September 7, 2012

Happy Friday!!

Hi friends! How are you? Do you have fun plans lined up for your weekend? I'm going stateside for a friend's reception while the hubby takes care of little miss. I can't wait to visit some friends I haven't seen in a long time. I'm also really excited for my husband and little girl to have their own time together. She just lights up around him and thinks he's pretty much the funniest man in town.
Do you have little ones who returned to school this week? If so, please give this article a read. I'm not a religious person, so even thought the article has a bit of a religious slant, the message it sends to kids is spot on. The focus is on being brave and standing up for kids who you see being teased or bullied for being different.
This is an excerpt from it:

"We do not care if you are the smartest or fastest or coolest or funniest. There will be lots of contests at school, and we don’t care if you win a single one of them. We don’t care if you get straight As. We don’t care if the girls think you’re cute or whether you’re picked first or last for kickball at recess. We don’t care if you are your teacher’s favorite or not. We don’t care if you have the best clothes or most Pokemon cards or coolest gadgets. We just don’t care.
We don’t send you to school to become the best at anything at all. We already love you as much as we possibly could.

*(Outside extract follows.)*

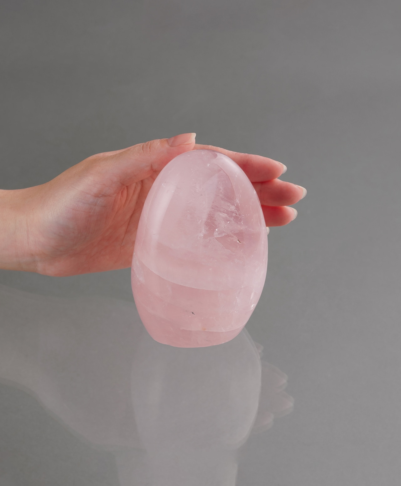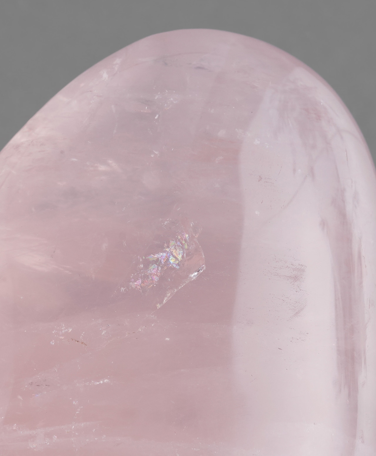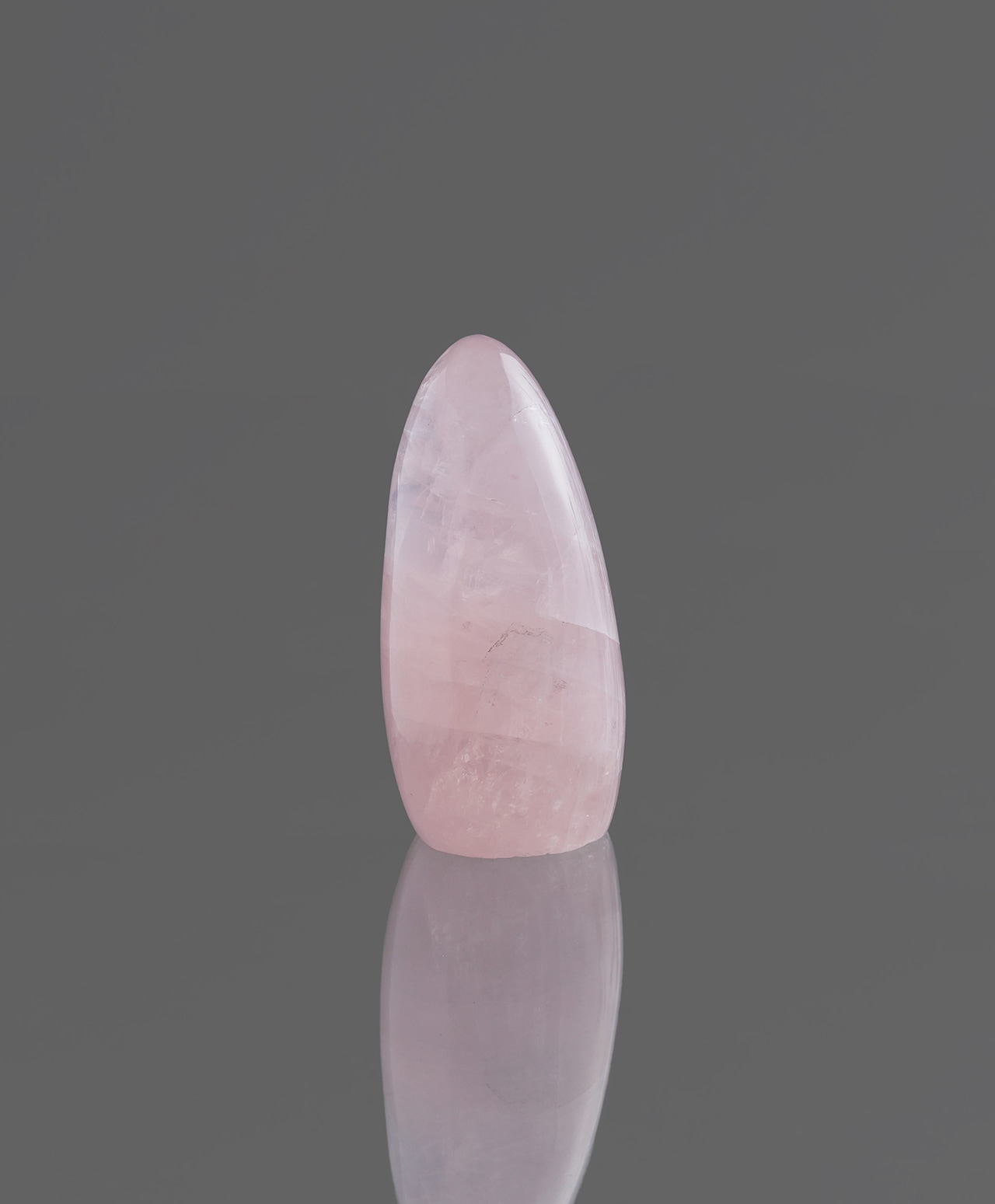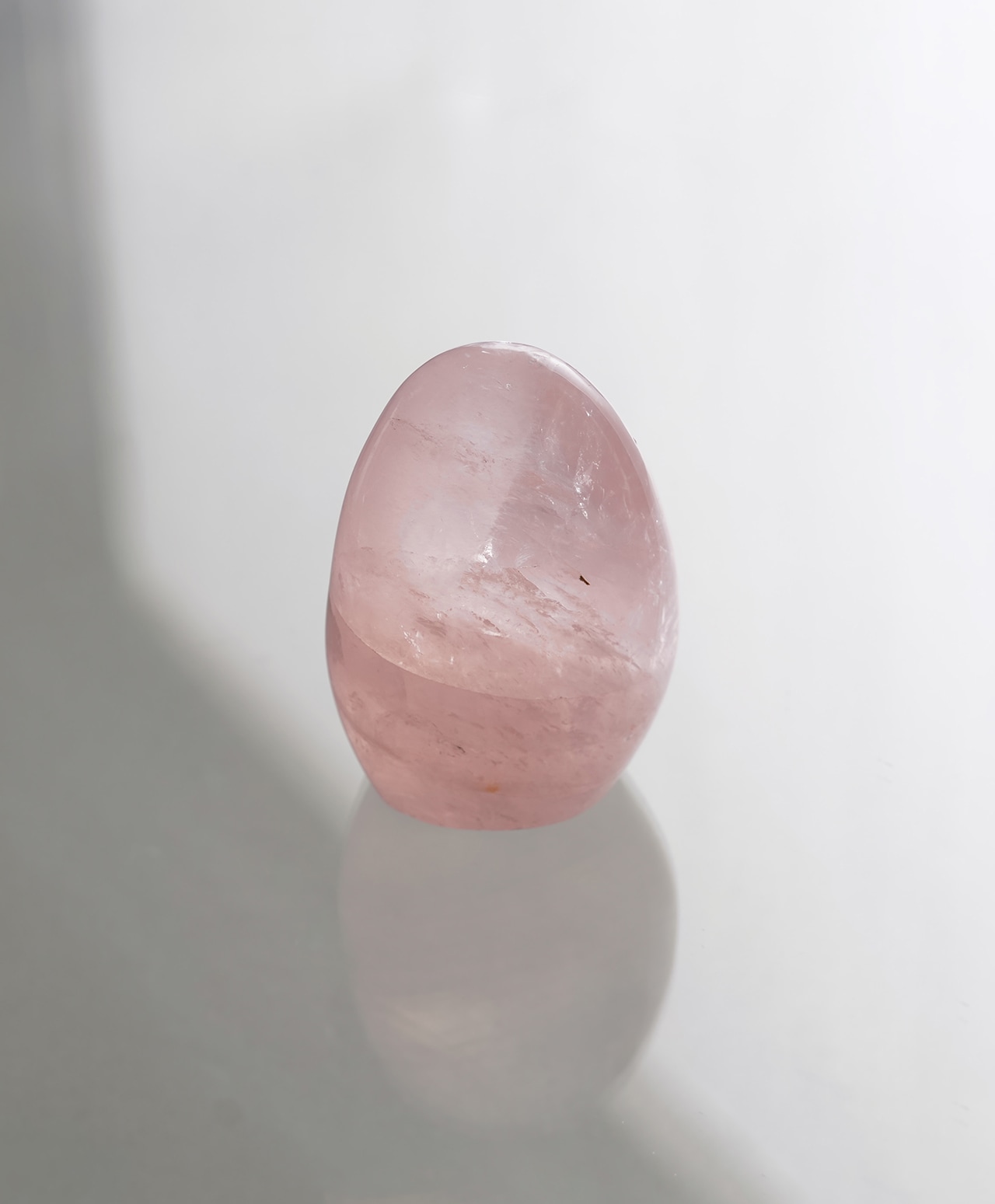 思わず手で撫でたくなるような、優しい曲線を描くローズクォーツ。ピンク色の濃淡や透け感が美しく、白色の内包物が石の中にレイヤーを作り、まるでモダニズムの絵画を見るようです。

You do not have to earn our love or pride and you can’t lose it. That’s done.
We send you to school to practice being brave and kind.
Kind people are brave people. Brave is not a feeling that you should wait for. It is a decision. It is a decision that compassion is more important than fear, than fitting in, than following the crowd.
Trust me, baby, it is. It is more important.
Don’t try to be the best this year, honey.
Just be grateful and kind and brave. That’s all you ever need to be."
Were you ever bullied in school? I was bullied by two girls who I thought were my friends, named Tejinder and Muriel, in grade 3. They would stay after school and sabotage my projects, rip apart my art work, pull my plants out of the dirt that I was growing for science class, scribble in my notebooks, anything they could to try and make me cry. They would sneak up behind me and shove me face down on the ground (I still have a scar to remind me), call me names and get into fist fights with me(of which I held my own in). It wasn't their behaviour that upset me (well, it kind of sucked), but it was the fact that I kept waking up each morning hoping that they would act differently and be my friends again that saddens me the most. I didn't recognize that I deserved better. I was like a dog who wags her tail each time her owner comes home even though the owner is abusive. A wonderful set of girls took me in as their friend and it seemed to throw Tejinder and Muriel into a tailspin. They tried their hardest to lure me back. It seemed like their purpose, of having someone to  project all of their anger upon, was now leaving them lost. In hindsight, I am fearful of how Tejinder and Muriel's home lives must have been that bullying was part of their agenda. Teach your kids kindness. Teach them to be brave and stand up for those who need help. I was so thankful for my new circle of girls who treated me like a friend instead of a proverbial punching bag. Kids shouldn't go to school in fear or make one another feel inferior because they  aren't pretty enough, smart enough, athletic enough. Just be kids. Play. Laugh. Learn. Repeat.